A Monsanto Corporation official told the New York Times that the corporation should not have to take responsibility for the safety of its genetically engineered food products. “Monsanto should not have to vouchsafe the safety of biotech food,” said Phil Angell, Monsanto’s director of corporate communications. “Our interest is in selling as much of it as possible. Assuring its safety is the FDA’s job.” It would be nice to think the FDA can be trusted with these matters, but Monsanto has succeeded in insuring that government regulatory agencies let it do as it wishes.
• Prior to being one of the Supreme Court Judges who put GW Bush in office, Clarence Thomas was Monsanto’s lawyer.
• US Secretary of Agriculture Anne Veneman was on the Board of Directors of Monsanto’s Calgene Corporation.
• Secretary of Defense Donald Rumsfeld was on the Board of Directors of Monsanto’s Searle pharmaceuticals.
• US Secretary of Health, Tommy Thompson, received $50,000 in donations from Monsanto during his winning campaign for Wisconsin’s governor.
• The two congressmen receiving the most donations from Monsanto during the last election were Larry Combest (Chairman of the House Agricultural Committee) and Attorney General John Ashcroft.

In order for the FDA to determine if Monsanto’s bovine growth hormones were safe or not, Monsanto was required to submit a scientific report on that topic.
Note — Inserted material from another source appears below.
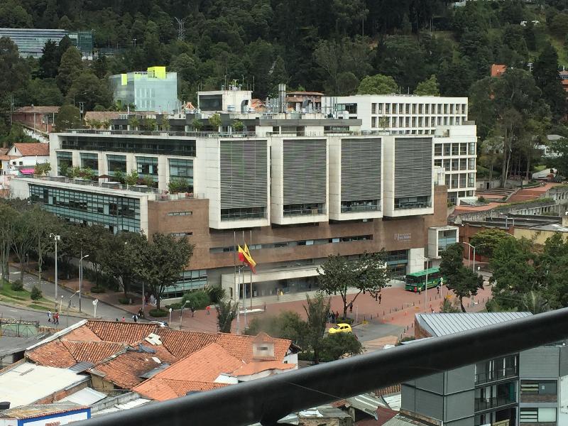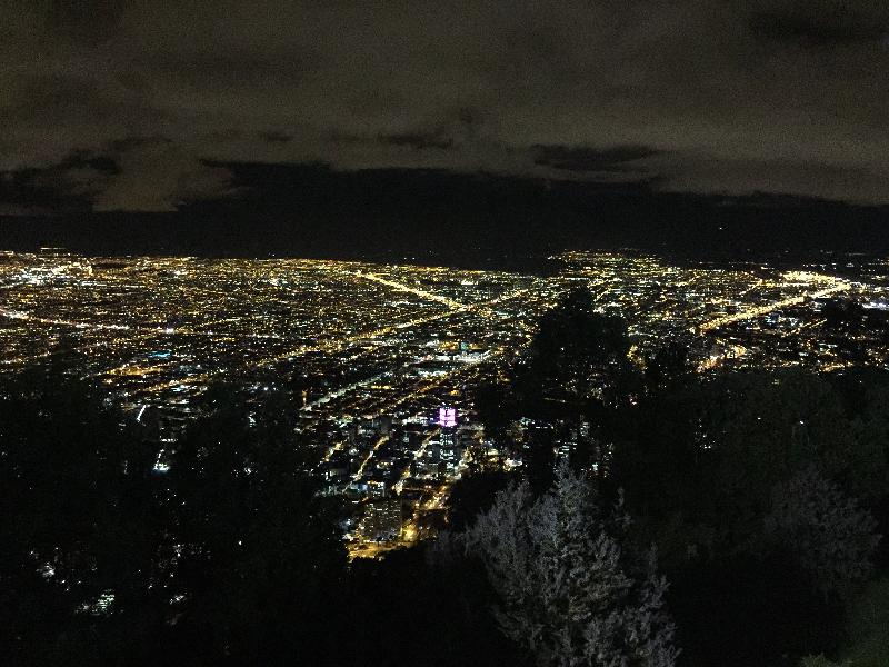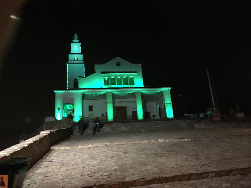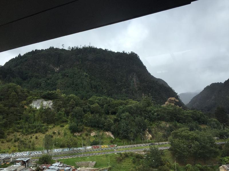 View up the mountain to Monserrate. Note cables for cable cars and track fo train to top (and tunnel).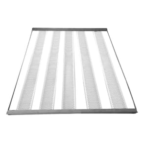 Características Técnicas: Esteiras de tiras de alumínio perfurado Material leve e de excelente qualidade Alta resistência à corrosão e infinitamente reciclável Específica para pães de sal Estrutura do arco em aço carbono (ferro) 5 tiras de 7cm em alumínio Sem engate

Margaret Miller, one of Monsanto’s researchers put the report together. Shortly before the report submission, Miller left Monsanto and was hired by the FDA. Her first job for the FDA was to determine whether or not to approve the report she wrote for Monsanto. In short, Monsanto approved its own report. Assisting Miller was another former Monsanto researcher, Susan Sechen. Deciding whether or not rBGH-derived milk should be labeled fell under the jurisdiction of another FDA official, Michael Taylor, who previously worked as a lawyer for Monsanto.